A look of complete resignation plagues his features as he absorbs my words. He stares idly at a plant pot in the corner of the room, thinking more than seeing. I've fucked up again; I haven't helped him at all. Damn it, this hurts.

"Do you even know what I was out doing tonight?" He asks.

"I'm not sure, considering where I found you I thought maybe you were at a club."

"That's right." He sighs and shakes his head. "I was there alone. I don't really know what I thought was going to happen. In my head I was going to find a gay prince charming to pick me up and take me home and make sweet love to me, in reality I was just bobbing my head up and down in a corner with a coke in my paw, avoiding eye contact with anybody in the vicinity."

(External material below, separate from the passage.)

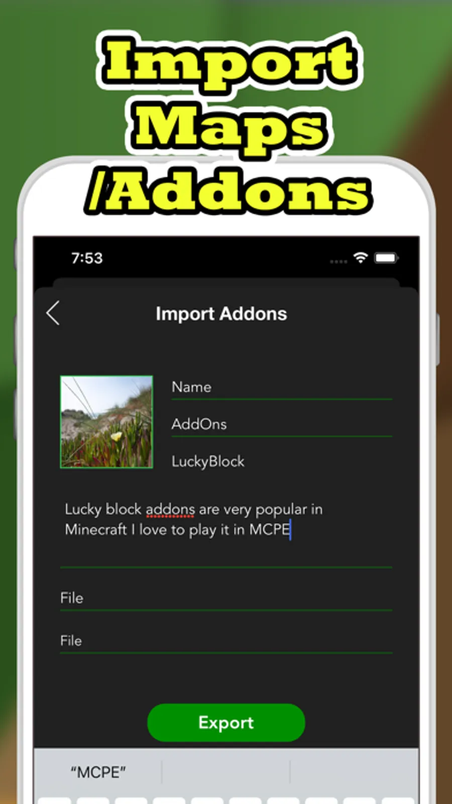 • Easy save and export addon to Minecraft game.

I let his words sink in to the room.

"Anxiety isn't easy," is all I can think to say. Inside I feel a sudden closeness to him, a sort of bond. The way he explained it all, it was like he held a mirror up to me and showed a vision of years gone. Yet, I can't quite bring myself to let him know how similar we are. Anxiety. It's a subject I have never linked to myself openly, as though admitting it would give it complete control all over again. I wish I could finally speak up, but even now it's too damn difficult. Instead I resort to encouragement. "That doesn't mean you aren't worth anything, or that you won't ever find the right guy."

"I'm starting to think I might settle for any guy. It's not something I normally talk about, but hey, I'm already telling you my deepest secrets so why shouldn't I tell you this too? I'm still a virgin." His eyes are screwed shut but still damp.

Right now he's vulnerable. I've heard it said before that victims often find a way to blame themselves when they reflect on their attack. I guess it's the only way you can reconcile that event with the rest of your life, something that horrible could only happen to somebody so awful as you, right?

No. Wrong.

Every person is an elaborate labyrinth of contradictory geometry weaving in and out of itself, ever changing and ultimately unknowable. By the time you find the center the dimensions have already shifted. That's how I look at it, anyway. By all that I mean to say I don't know Matthew very well, and I could never truly know him entirely, but for some instinctive reason I'm as sure of my next action as I have ever been sure of anything.

I take another step toward him, reach out and stroke down the side of the face before cupping his muzzle in my paw ever so softly and nudging his gaze towards me. He looks at me shocked, anxious, excited.

Here in front of me is a wonderful, flawed, fully formed person. He doesn't deserve to feel the way he feels now. He doesn't deserve blood caked fur or a tear strewn face. He doesn't deserve the anxiety or the pain. I wish there was a way I could make it all go away, but for better or worse I know there is no easy answer.

I don't reply to his dejected ramblings and secrets, instead I say: "Matt, I just want you to know, you're beautiful."

In spite of all the blood and tears and his self destructive attitude, I mean it.

He finds a smile and loses it in the blink of an eye.

"You're just saying that to cheer me up," he says, his voice far away and his eyes full of the hope that I will prove him wrong.

I don't need any more convincing to kiss him. It's just a quick smooch on the side of the muzzle, but this time his smile doesn't fade so easily.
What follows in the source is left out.